Adding Engines and Models to transcribe-rs

This guide covers the full process of adding new models and new engine families to the library, including tests and examples.

Architecture Overview

src/
  lib.rs              # SpeechModel trait, TranscriptionResult, ModelCapabilities
  error.rs            # TranscribeError enum
  audio.rs            # WAV file reading (read_wav_samples)
  features/           # Shared audio feature extraction (mel, LFR, CMVN)
  decode/             # Shared decoding (CTC, SentencePiece, vocab loading)
  onnx/               # ONNX engine family (feature: "onnx")
    PORTING.md        # Detailed guide for adding ONNX models
    mod.rs            # Quantization enum, registers model modules
    session.rs        # Shared ONNX session utilities
    gigaam/mod.rs     # Model implementation
    sense_voice/mod.rs
    parakeet/mod.rs
    moonshine/        # Multi-file model (mod.rs, model.rs, streaming.rs)
  whisper_cpp/        # whisper.cpp engine (feature: "whisper-cpp")
    mod.rs
  whisperfile.rs      # Whisperfile engine (feature: "whisperfile")
  remote/             # Remote engines (feature: "openai")
    mod.rs            # RemoteTranscriptionEngine trait
    openai.rs
tests/
  common/mod.rs       # Shared test utilities (require_paths)
  gigaam.rs           # One test file per model
  ...
examples/
  gigaam.rs           # One example per model
  ...

Adding a New Model to an Existing Engine

If your model uses an existing inference runtime (e.g. ONNX), see the engine-specific porting guide:

ONNX models: See src/onnx/PORTING.md

The short version:

Create src/onnx/your_model/mod.rs
Register in src/onnx/mod.rs
Implement SpeechModel trait
Add test, example, and Cargo.toml entries

Adding a New Engine Family

A new engine family is needed when you're integrating a new inference runtime (e.g. Candle, Burn, MLX, TensorRT). Each engine family gets its own feature flag and source directory.

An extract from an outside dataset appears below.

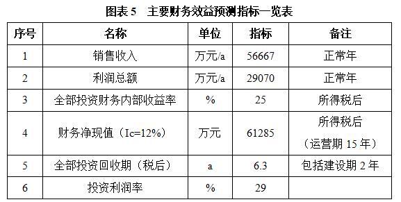 项目达产后,年销售收入56667万元,利润29070万元,投资回收期6.3年(税后,含建设期2年),投资利润率29%。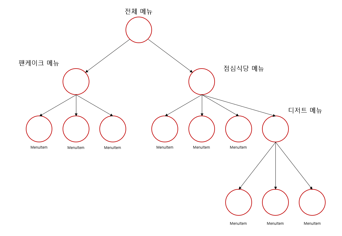 이터레이터 패턴에서 사용한 예시를 다시 써보자. 두 가게를 합병한 후로 장사가 탄탄대로를 달려서 이젠 점심 메뉴에 디저트 메뉴도 넣자는 기획이 들어왔다. 즉 점심 메뉴 안에 디저트 메뉴가 포함되는 것이다. 이러한 구조는 어떤 자료구조를 사용해야 할까? 메뉴 안에 메뉴... 트리 구조가 적당할 것 같다. 그림을 그려보면 대충 다음과 같다.

1. Create the source directory

src/your_engine/
  mod.rs              # Engine-level types, re-exports model modules
  your_model/
    mod.rs            # First model implementation

For single-model engines, a flat file is also acceptable:

src/your_engine.rs    # Everything in one file (like whisperfile.rs)

2. Add the feature flag to Cargo.toml

[features]
your-engine = ["dep:your-runtime-crate"]

# Update the "all" feature
all = ["onnx", "whisper-cpp", "whisperfile", "openai", "your-engine"]

[dependencies]
your-runtime-crate = { version = "...", optional = true }

If your engine needs shared audio feature extraction (mel spectrograms, CTC decoding), depend on the audio-features feature:

your-engine = ["audio-features", "dep:your-runtime-crate"]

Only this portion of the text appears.